Rolo Figueroa y su cambio de paradigma

Mr. Vacamuerta por Mr. Vacamuerta
29 de diciembre de 2024
en Editorial, Neuquén
9 minutos de lectura

A Rolando Figueroa no le tembló el pulso. La historia revelará las verdades del “affaire” Gloria Ruiz, pero está claro que el gobernador de Neuquén termina el año con caudal político y un poder de fuego que construyó desde que le arrebató el reino a la mesa chica del Movimiento Popular Neuquino, tras casi seis décadas de mandato ininterrumpido. 

Como un alquimista, Rolo amalgamó y alineó en una misma tropa a “soldados” con diferentes raigambres políticos, muchos de ellos caídos del tanque que supo ser el MPN. Varios con sed de venganza contra los generales de siempre en el partido fundado por los Sapag. Hábil, pragmático, en el inicio de su gestión fue ladrillo fundamental en la avanzada de gobernadores patagónicos, en un bloque que de entrada luchó contra el ajuste y las medidas de Javier Milei, pero que con el tiempo se diluyó y en general terminó jugando siempre para las aspiraciones presidenciales. Eso sí, Rolo siguió en su plan personal, ajeno en gran medida al poder central, y con buenas migas con un Alberto Weretilneck que se subió al tren de Vaca Muerta y ahora está embarcado en la reconfiguración del sistema productivos de Río Negro.

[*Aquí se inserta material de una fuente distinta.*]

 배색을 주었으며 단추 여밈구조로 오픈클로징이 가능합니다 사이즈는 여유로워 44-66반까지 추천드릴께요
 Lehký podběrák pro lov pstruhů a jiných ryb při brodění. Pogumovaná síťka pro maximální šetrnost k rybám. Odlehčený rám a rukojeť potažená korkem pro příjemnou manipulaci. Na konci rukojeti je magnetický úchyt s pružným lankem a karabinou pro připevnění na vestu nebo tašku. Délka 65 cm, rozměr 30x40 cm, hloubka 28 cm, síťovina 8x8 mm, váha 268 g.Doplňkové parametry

El mandatario neuquino, a diferencia del Brujo rionegrino, no necesitó acordar demasiado con las Fuerzas del Cielo porque gobierna la provincia con rienda corta y porque posee Vaca Muerta, una enorme roca que no para de dar dividendos, generar divisas y ofrecer sueños de bonanza. Tanto es así, que sus ministros repiten con pecho erguido que “Neuquén sólo depende un 18%, en términos económicos, de la coparticipación nacional”, lo que le ofrece una autonomía que suena a casi exclusiva en el concierto argento. 

Hay cosas que sí aprendió del sapagismo el actual gobernador, sobre todo en lo que se refiere a energía. Rolo no dio el brazo a torcer en la pelea con Nación por la reformulación de las concesiones del complejo hidroeléctrico regional, le ladró en el intento de hacer desaparecer la Autoridad Interjurisdiccional de Cuencas (AIC) y recién se plegó al RIGI (en una versión de corte local) cuando supo de buena fuente que Milei firmaría el decreto con el que reglamentó la nueva ley de hidrocarburos (incorporada en la Ley Bases). 

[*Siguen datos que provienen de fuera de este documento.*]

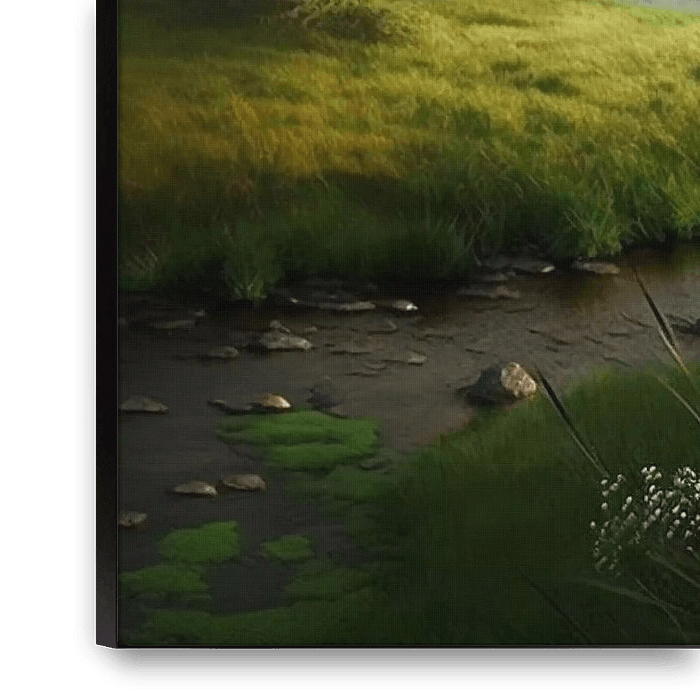 Bestelle dieses Landschafts-Wandbild Das Flüstern des Flusstals von Vythryd Arts als Reproduktion auf Leinwand, Alu-Dibond, als Poster, Fototapete oder Acrylglasbild.
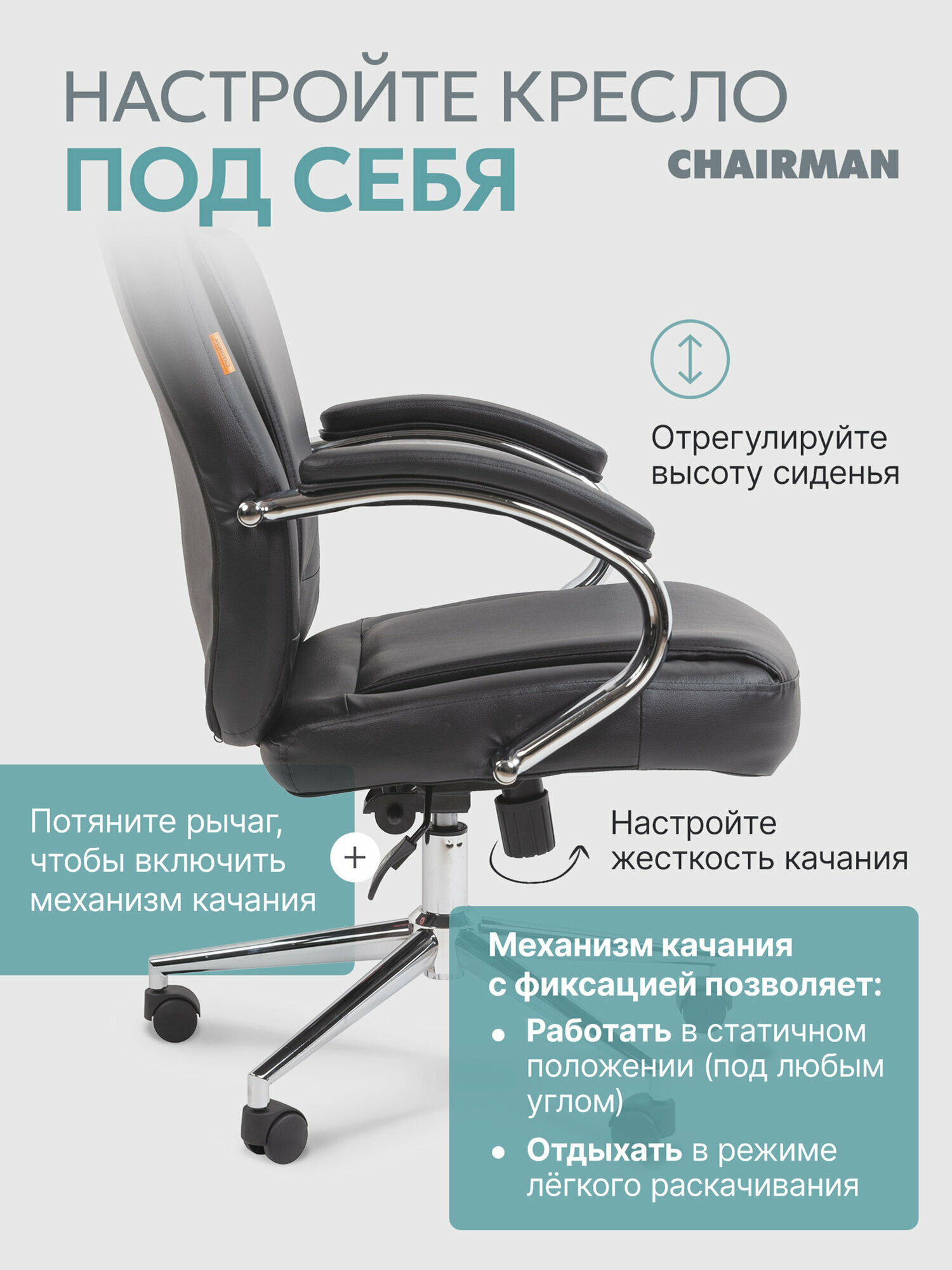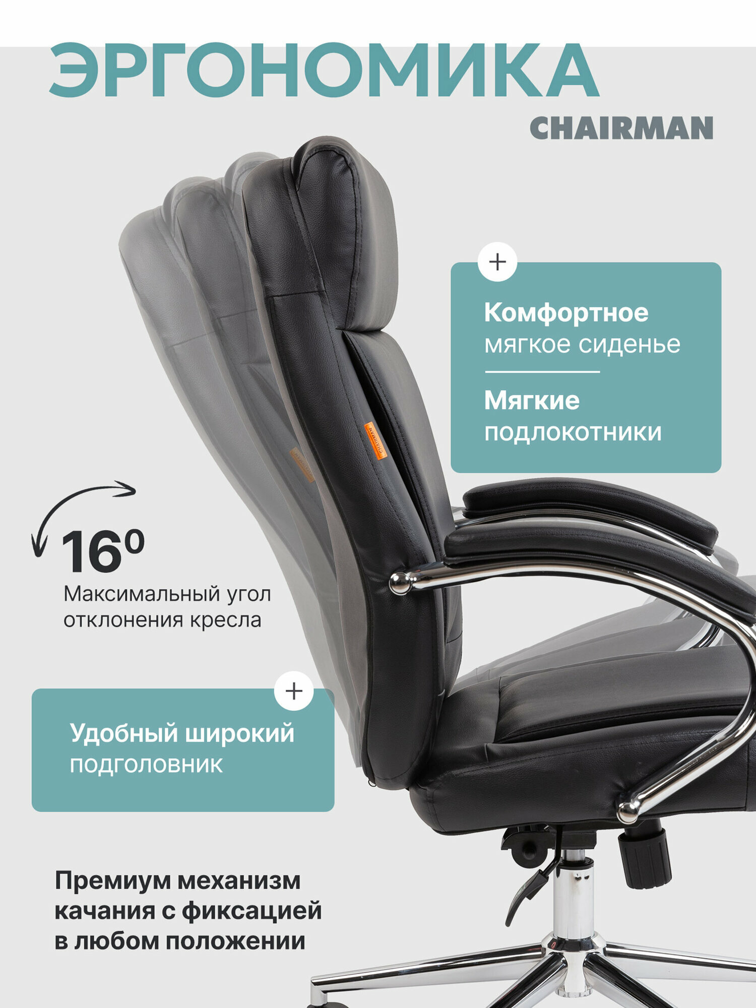 Компьютерное кресло руководителя CHAIRMAN 794 - это сочетание солидного дизайна, отличной эргономики и оптимального функционала. Традиционный дизайн кресла гармонично дополнен современными элементами, хромированными подлокотниками и крестовиной. Прямые линии и строгие формы делают модель статусной и респектабельной. Накладка на спинке не только добавляет креслу выразительности, но и обеспечивает комфорт при использовании, поддерживая правильную осанку. Компьютерное кресло CHAIRMAN 794 выполнено с учетом важных эргономических параметров. Высокая спинка с поясничной поддержкой обеспечивает правильное положение тела, помогая избежать перенапряжения в спине. Большой встроенный подголовник и подлокотники с мягкими накладками создают дополнительный комфорт. Регулировка высоты сиденья позволяет адаптировать офисное кресло под рост пользователя. Механизм качания с фиксацией кресла в любом положении - расслабиться и покачаться в перерывах. Угол отклонения спинки - 106 градусов. Обивка изготовлена из экокожи высокого качества, что обеспечивает удобство в использовании и долгий срок службы. Прочный металлический каркас и газлифт 3 класса выдерживают до 120 кг постоянной нагрузки. CHAIRMAN 794 - комфортное и статусное кресло, достойное лидера.

Diplomático, avezado en las artes de la seducción, apostó por la Región Grande de Sudamérica y comenzó a tender puentes con Chile y Brasil, en un inicio, pero también con Uruguay y Paraguay, sabiendo que las exportaciones de hidrocarburos serán una herramienta vital para la macroeconomía nacional. Lo hizo jugando en solitario, consciente que las relaciones diplomáticas no son el fuerte de Milei y los suyos, pero sabiéndose en tándem con aquellos que sí conocen la industria, como Horacio Marín (presidente de YPF) y sobre todo Daniel González, mano derecha del ministro Toto Caputo. 

“Dueño” de la llave del no convencional argentino, desde el día que se encontró cara a cara con Lula da Silva cree que el presidente de Brasil “focalizó Vaca Muerta” y quedó encantado con la idea de construir un nuevo gasoducto, que provea del recurso necesario para hacer funcionar la maquinaria industrial en un país que depende sobremanera de los recursos hídricos en términos de generación eléctrica, y que viene de una crisis energética que le costó demasiado caro. Hace algunas semanas comenzó a llover y los brasileros respiraron, aunque en la administración de Lula ya pusieron en marcha un mega proyecto de inversiones para construir complejos de generación térmica. 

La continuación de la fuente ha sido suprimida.